Reproduce every entry below exactly, minus the pictures.
───── Records to use
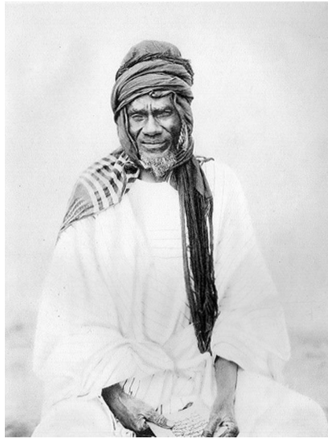
Figure 3: Samori Toure (1828-1898), ruler of the Mandinke empire in western Africa
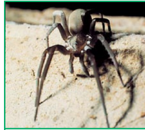
Figure 12. Southern house spider, Kukulcania hibernalis , female.

tinctive web radiates outward from a central lair built in a hole or cavity. Southern house spiders are common in old barns and undisturbed buildings.
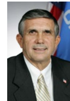
SEN. RON JUSTICE SD 23 – CHICKASHA
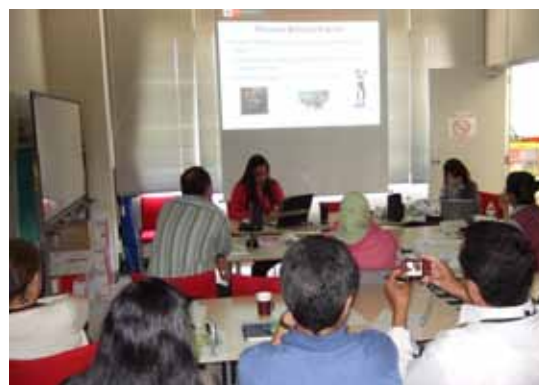
Presentation of Specialty Report and discussion (National Museum of Ethnology, fiscal 2013)

As a new international network initiative, National Museum of Ethnology is implementing a project on “New Horizons in Asian Museums and Museology” (funded by the Japan Society for Promotion of Science (JSPS); Core-to-core Program B: Asia Africa Science Platform) under a three-year plan from fiscal 2012. The project pursues educational research on museology in Thailand, Myanmar and Mongolia with the cooperation of past participants and experts who play a central role in museum activities in their countries. It aims to create new museology and museum research befitting Asia's cultural and social background and establish a foundation for voluntary and sustainable museum activities and human resource development in these countries. A joint workshop and public seminar have been held in Mongolia in fiscal 2012 and in Myanmar in September 2013.
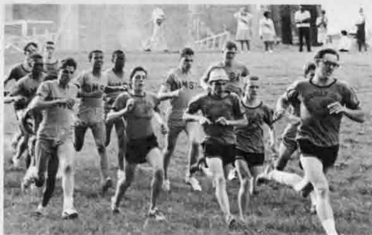
Greenville and UMSL harriers start off on their four-mile run around campus in last week's meet.
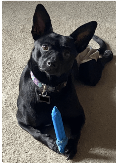
Oreo, special needs Schipperke mix.
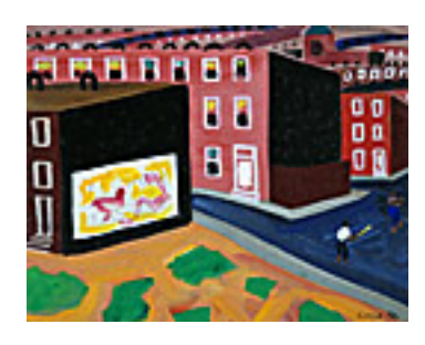
151951 LANE, BETTY. Baltimore, 1950 8 x 10 inches | Watercolor on paper Signed lower right
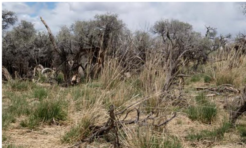
Figure 8. Dry Floodplain Community Phase 2.1 NV777 MU732 Kelk Soil T. Stringham April 2010

This community is dominated by basin wildrye. Basin big sagebrush is common. This community is compositionally similar Community Phase 1.1 with a trace of weedy annual species like cheatgrass and Russian thistle.
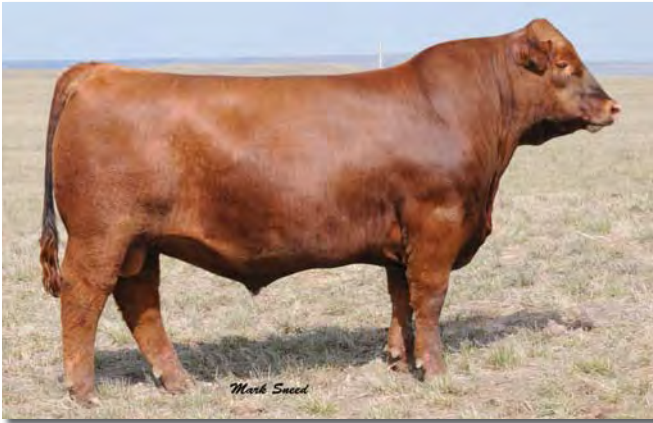
C-T Grand Statement 1025, sire
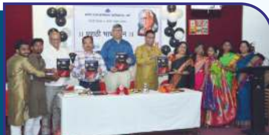
Celebration of Marathi Bhasha Divas organized by Department of Marathi
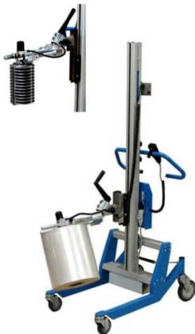
3 7/8" EXPAND-O-TURN®
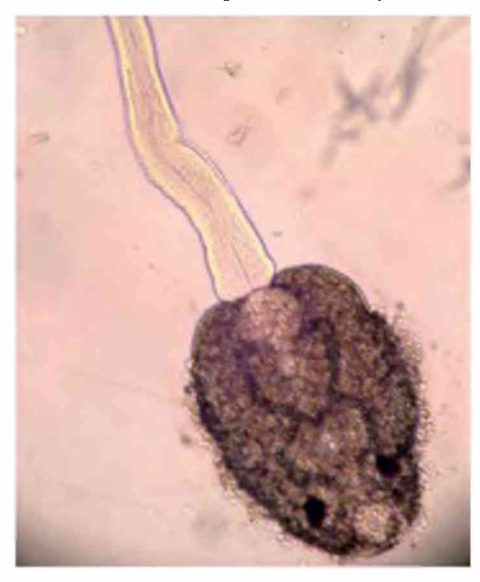
Fig. 3. Paramphistomum sp. cercariae showing characteristic main excretory vessels disposition.

The cercariae emerge from their rediae and undergo a maturation period of approximately 10 days, within the snail. These cercariae have pigmentation and 2 eye spots, and in this phase, a typical feature of ruminal paramphistomids, the crossing of the main excretory vessels (Durie 1951, 1956; Yamaguti, 1958; Sey, 1991) (Fig. 3).
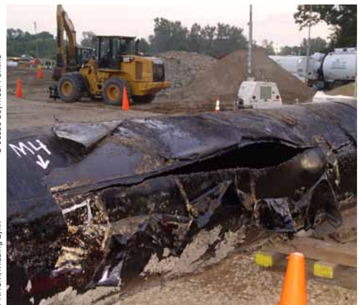
In 2010, a rupture in an Enbridge Inc. pipeline near Marshall, Michigan resulted in the largest tar sands spill in U.S. history.
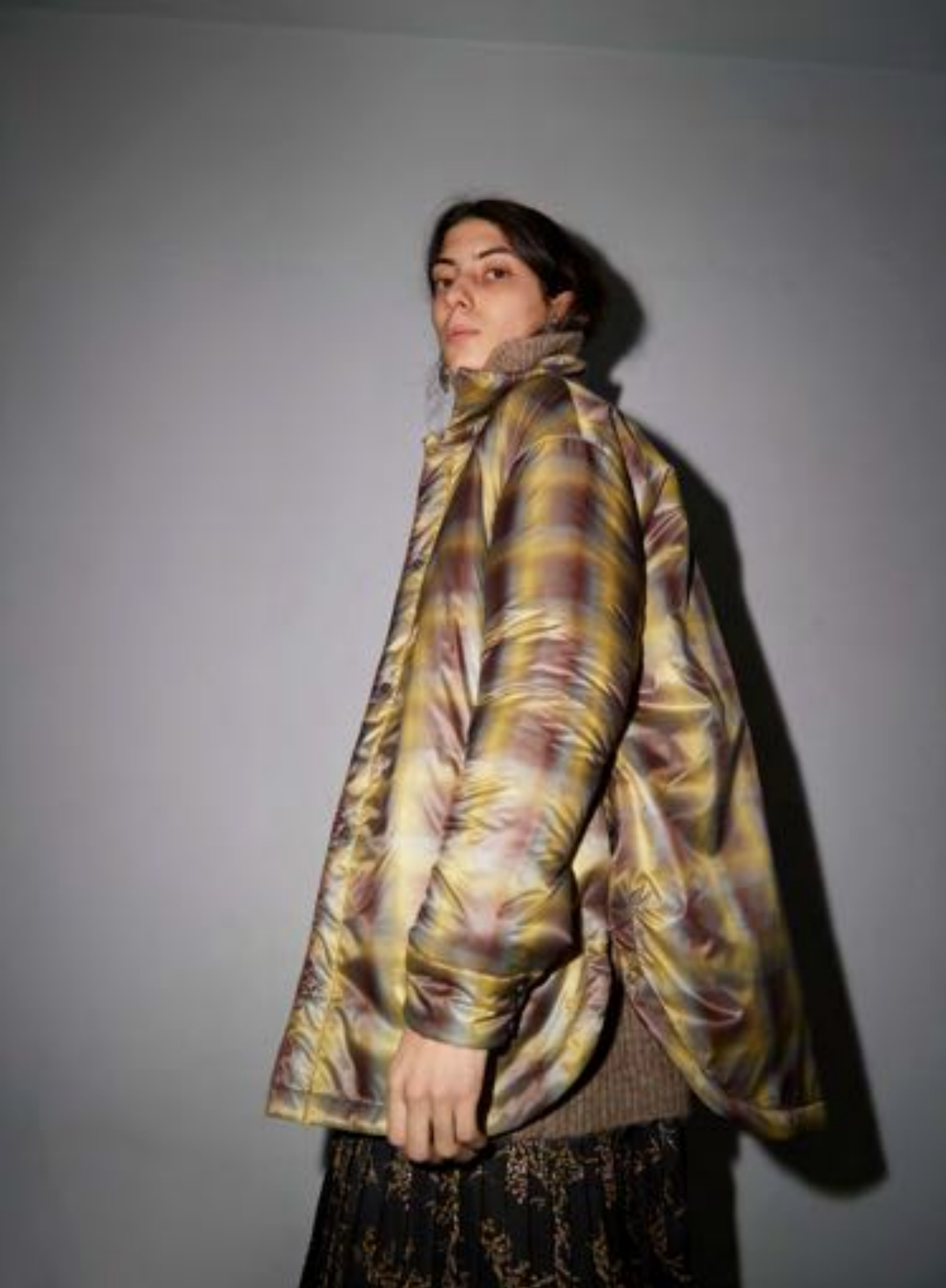
RYANN JACKET IN GOLD PLAID / KALEN SWEATER IN OAT ALPACA
──────────
Written solution:
Figure 3: Samori Toure (1828-1898), ruler of the Mandinke empire in western Africa
Figure 12. Southern house spider, Kukulcania hibernalis , female.

tinctive web radiates outward from a central lair built in a hole or cavity. Southern house spiders are common in old barns and undisturbed buildings.
SEN. RON JUSTICE SD 23 – CHICKASHA
Presentation of Specialty Report and discussion (National Museum of Ethnology, fiscal 2013)

As a new international network initiative, National Museum of Ethnology is implementing a project on “New Horizons in Asian Museums and Museology” (funded by the Japan Society for Promotion of Science (JSPS); Core-to-core Program B: Asia Africa Science Platform) under a three-year plan from fiscal 2012. The project pursues educational research on museology in Thailand, Myanmar and Mongolia with the cooperation of past participants and experts who play a central role in museum activities in their countries. It aims to create new museology and museum research befitting Asia's cultural and social background and establish a foundation for voluntary and sustainable museum activities and human resource development in these countries. A joint workshop and public seminar have been held in Mongolia in fiscal 2012 and in Myanmar in September 2013.
Greenville and UMSL harriers start off on their four-mile run around campus in last week's meet.
Oreo, special needs Schipperke mix.
151951 LANE, BETTY. Baltimore, 1950 8 x 10 inches | Watercolor on paper Signed lower right
Figure 8. Dry Floodplain Community Phase 2.1 NV777 MU732 Kelk Soil T. Stringham April 2010

This community is dominated by basin wildrye. Basin big sagebrush is common. This community is compositionally similar Community Phase 1.1 with a trace of weedy annual species like cheatgrass and Russian thistle.
C-T Grand Statement 1025, sire
Celebration of Marathi Bhasha Divas organized by Department of Marathi
3 7/8" EXPAND-O-TURN®
Fig. 3. Paramphistomum sp. cercariae showing characteristic main excretory vessels disposition.

The cercariae emerge from their rediae and undergo a maturation period of approximately 10 days, within the snail. These cercariae have pigmentation and 2 eye spots, and in this phase, a typical feature of ruminal paramphistomids, the crossing of the main excretory vessels (Durie 1951, 1956; Yamaguti, 1958; Sey, 1991) (Fig. 3).
In 2010, a rupture in an Enbridge Inc. pipeline near Marshall, Michigan resulted in the largest tar sands spill in U.S. history.
RYANN JACKET IN GOLD PLAID / KALEN SWEATER IN OAT ALPACA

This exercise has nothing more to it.